Me recibe la secretaria, Ana, y me pide que pase a la sala de espera. Entro en un cuarto amplio. Está repleto de niños. Busco un lugarcito en la esquina y me acomodo en lo que me llega el turno para pasar. Me siento como transportado a un cuento, rodeado de enanos y hadas.

Una niña chupa una paleta. Un niño juega con un pequeño artefacto electrónico. Hay uno, sentadito muy derechito y muy serio, con un solideo sobre la cabeza y observa al resto detrás de sus enormes lentes. Un par de hermanos rubios de diez años molestan molesta a su hermanito pequeño, de seis, diciéndole que él está muy feo. Dos nanas cuidan a uno como de tres años que insiste en correr por los pasillos de la sala de espera y en escalar cada uno de los sillones. Uno, literalmente, se entretiene explorando en las profundidades de su nariz en busca de mocos.

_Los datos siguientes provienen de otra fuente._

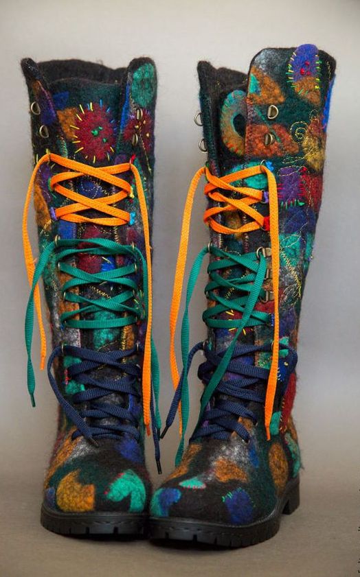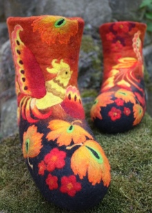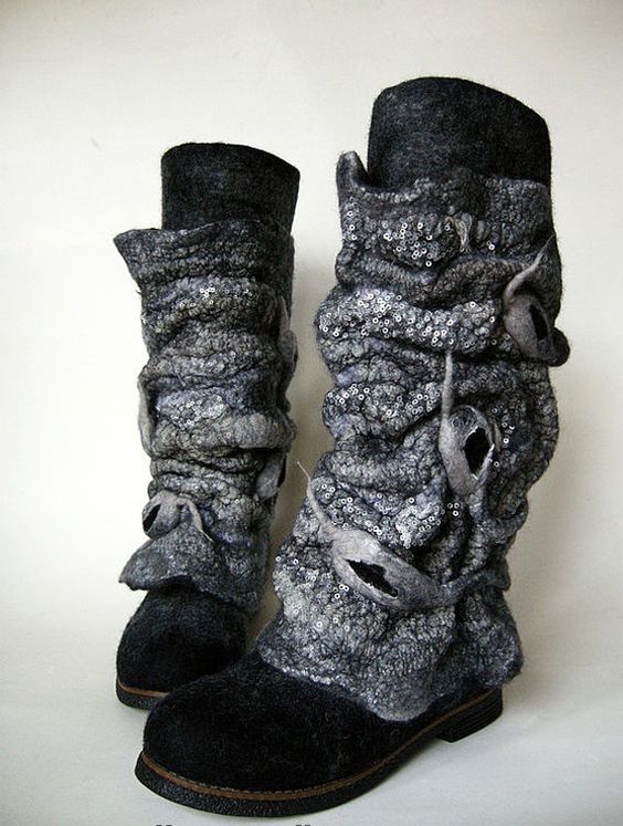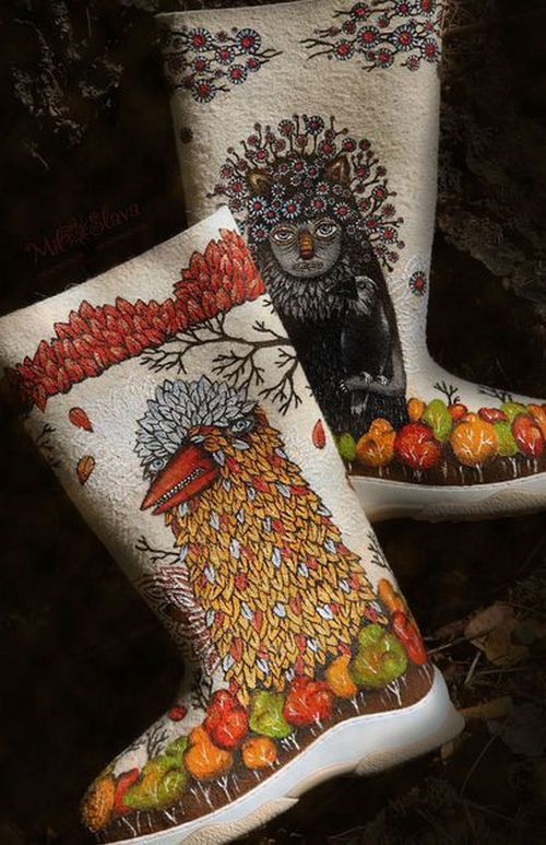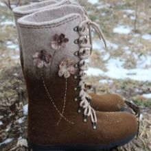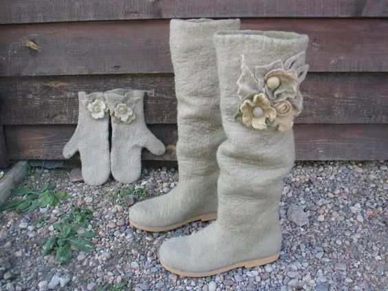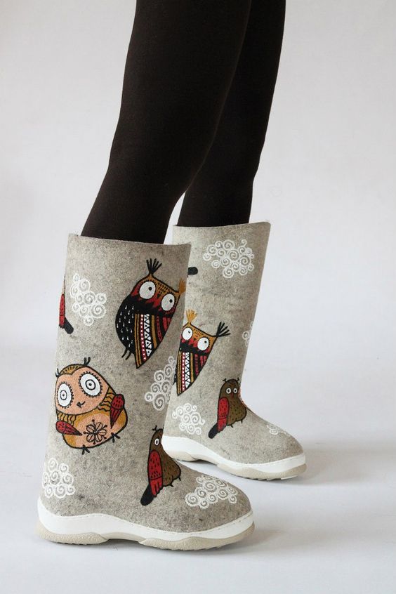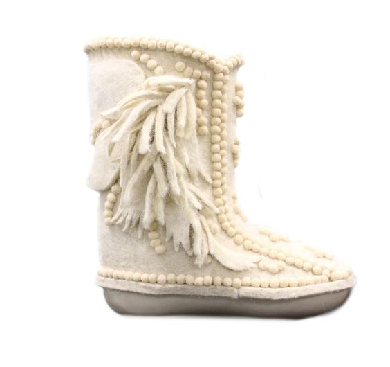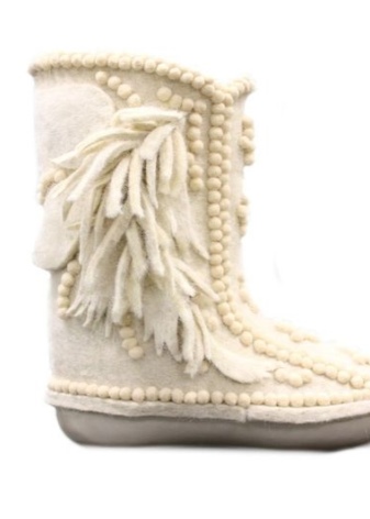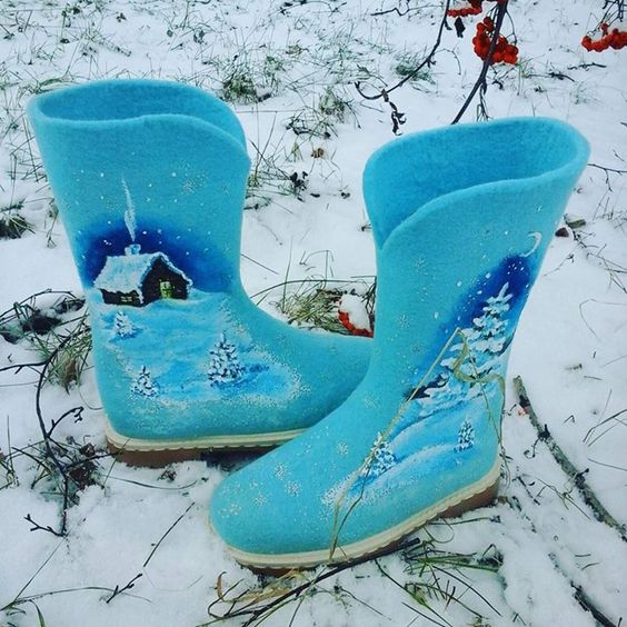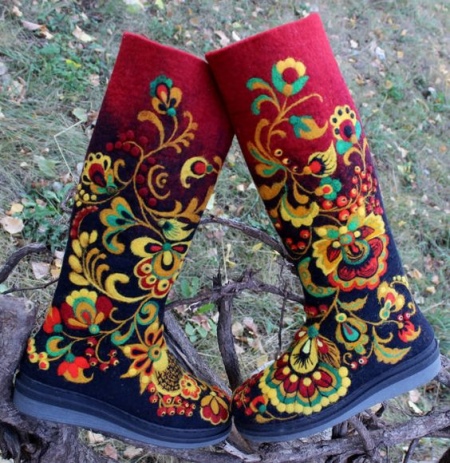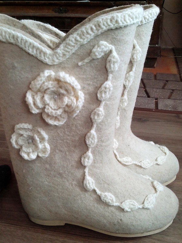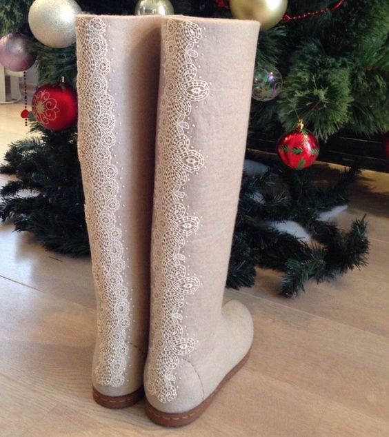 Later, felt boots began to be produced with a sole, and for women felt boots appeared - an analogue of felt boots, but designed in a more elegant, feminine version using heels, decor, jewelry, etc. Not only natural , but also artificial wool.
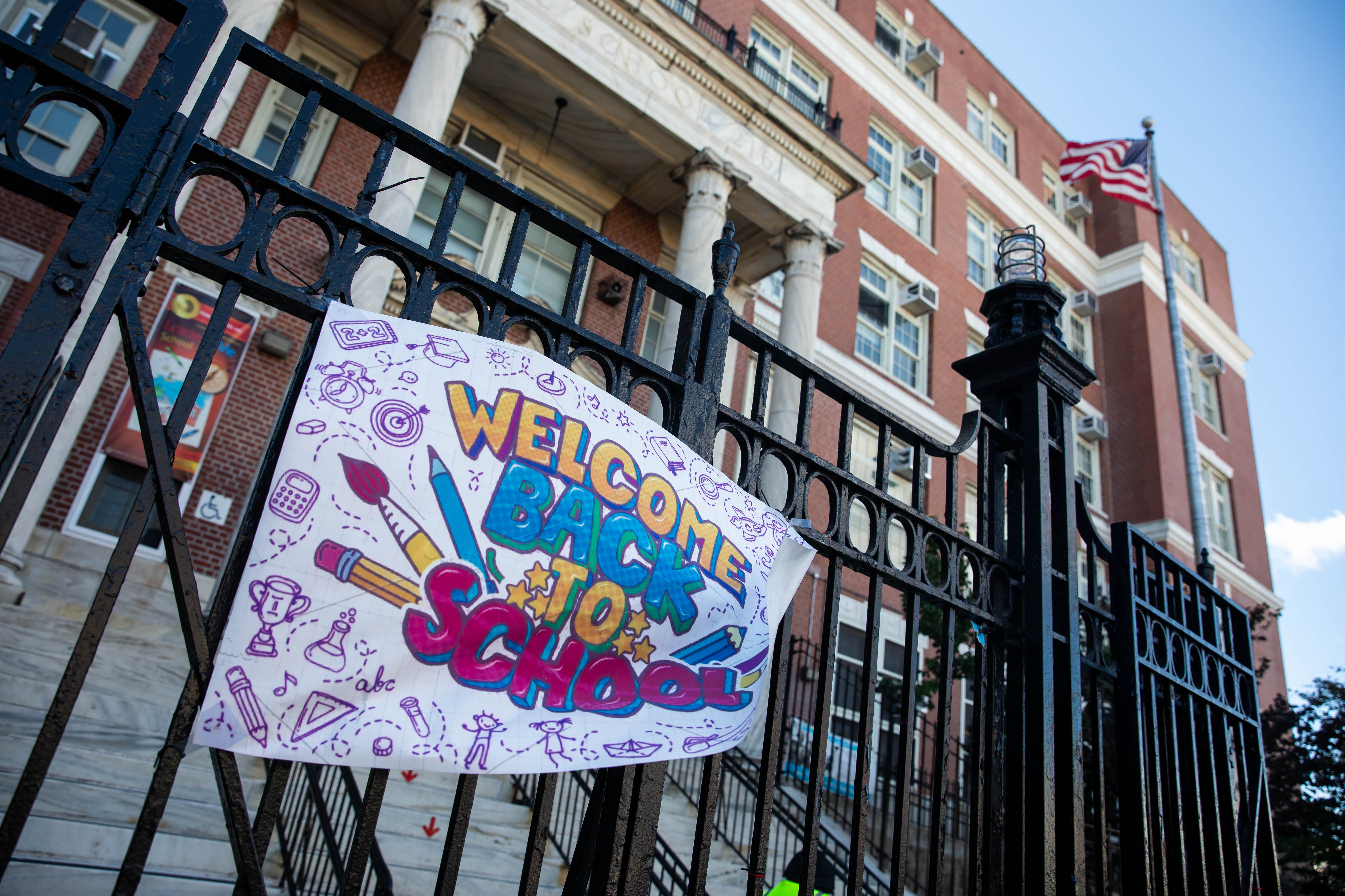 这是2020年10月8日在美国纽约布鲁克林区拍摄的一所因疫情关闭的学校。新华社发(郭克摄)

Un par de niñas se abrazan a su madre mientras miran con una mezcla de temor y de ganas de participar el hervidero de perversos polimorfos.


Mientras miro la escena, dos pensamientos inevitables me cruzan la mente.

El primero: “Y vaya que si el psicoanálisis procura establecer un setting que fomente la regresión y el contacto con contenidos primitivos reprimidos…”;

y el segundo: “Si me vieran en este momento mis colegas de la oficina de HayGroup en México --un lunes a las cuatro de la tarde en pleno mes de febrero laboral, en medio de esta parvada de pájaros infantiles-- pensarían sin duda que soy un caso sin remedio, que me he deschavetado, y que necesito a gritos el tratamiento que estoy a punto de empezar…”

Me río.

Apenas llegué aquí ya estoy jugando y fantaseando…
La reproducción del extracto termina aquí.